USNO-B1.0: Host color, offset, and star/galaxy classification are used to make decisions about the extragalactic or galactic nature of the source. Astrometric coincidence with the centers of putative host galaxies are labelled as AGN-cnSN-TDE.

We used a hand-tuned aggregate weighting of all available authorities to produce a single set of confidence statements about the nature of the variables. Internal Oarical discoveries with high real-bogus (>0.3) and high classification confidence are saved automatically through the web interface of PTF Marshal, thus assigning an official PTF name and an initial type to the source. When more refined classifications are available (e.g., from SIMBAD or SDSS spectroscopy) that class is also annotated to the PTF databases as a value-added classification (Fig. 9).
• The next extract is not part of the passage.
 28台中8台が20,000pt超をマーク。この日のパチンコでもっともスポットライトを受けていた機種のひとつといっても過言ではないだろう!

Figure 10 shows the subset of the Oarical-classified PTF sources with a putative quiescent counterpart in SDSS. The stellar-, QSO-, and RR Lyrae-loci are seen and the density of variables is qualitatively similar to that seen in the Stripe 82 survey of variable sources (Ivezić et al. 2003)—that is, the relatively rare blue sources tend to be more significantly variable than red stars. There are 78 known RR Lyrae in this sample (from SIMBAD) with an additional 1502 sources matching the color locus of RR Lyrae suggested in Sesar et al. (2010)—of these, there are 8 known QSOs matching the RR Lyrae colors.²² Since the locus of high-redshift quasars cuts across the RR Lyrae locus (Sesar et al. 2010) to larger u - g color at roughly constant g - r, we decided to obtain a spectrum of one variable "star" (PTF 10fmf = SDSS J173630.59+642308.5; u - g = 2.6 and g - r = 0.33) to ascertain whether PTF was indeed discovering high-redshift QSOs redward of the RRL locus. The spectrum taken with the Keck1+LRIS on 2010 June 14 UT of PTF 10fmf revealed a broad-line QSO at z = 3.2, making this source the highest redshift PTF-discovered transient.
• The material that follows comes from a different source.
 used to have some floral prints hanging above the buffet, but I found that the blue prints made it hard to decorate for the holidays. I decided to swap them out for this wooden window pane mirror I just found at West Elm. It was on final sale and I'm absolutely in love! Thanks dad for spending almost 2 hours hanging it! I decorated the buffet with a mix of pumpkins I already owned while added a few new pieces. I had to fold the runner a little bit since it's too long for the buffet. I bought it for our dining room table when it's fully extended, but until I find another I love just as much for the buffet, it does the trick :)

**Fig. 10.—** SDSS color-color diagram of the hosts (labelled in the SDSS photometric table as "star") of 3979 PTF sources observed until 2010 June. Oarical was used to type and classify (Fig. 9) these sources using SDSS and SIMBAD. The *dashed lines* show the regions traditionally used to classify sources (see Sesar et al. 2010). Known QSOs are shown in *blue circles*. Cataloged "stars" are shown in *red triangles*. Most of the "stars" in the QSOs locus are likely quasars without spectroscopy. Known RR Lyrae stars from SIMBAD are shown with *green circles*. PTF 10fmf is discussed in the text.

As of 2011 June, there were roughly 40,000 sources discovered by Oarical and stored in the internal Oarical databases. There a total of 28,078 sources in the PTF Marshal database, with 20,355 discoveries or rediscoveries²³ since Oarical began running autonomously. Oarical accounted for 14,466 automatic discoveries or rediscoveries—that is, 29% of PTF sources were only discovered by human scanners while Oarical was running and about 36% of Oarical internal discoveries are saved automatically in the PTF Marshal without any humans in the loop. The other two-thirds of those Oarical sources that are not high-enough quality in score to warrant an automated discovery are presented to human scanners who decide on whether possible new events should be promoted to discovery (see § 3.3 and Fig. 11). We do not currently record when a human discovery was assisted directly by an Oarical-generated webpage—the majority of the 29% of human-scanner discovery likely originates from the Oarical-generated webpages of possible candidates. The Supernova Zoo accounts for the human-generated discovery of many nearby SNe (Smith et al. 2011).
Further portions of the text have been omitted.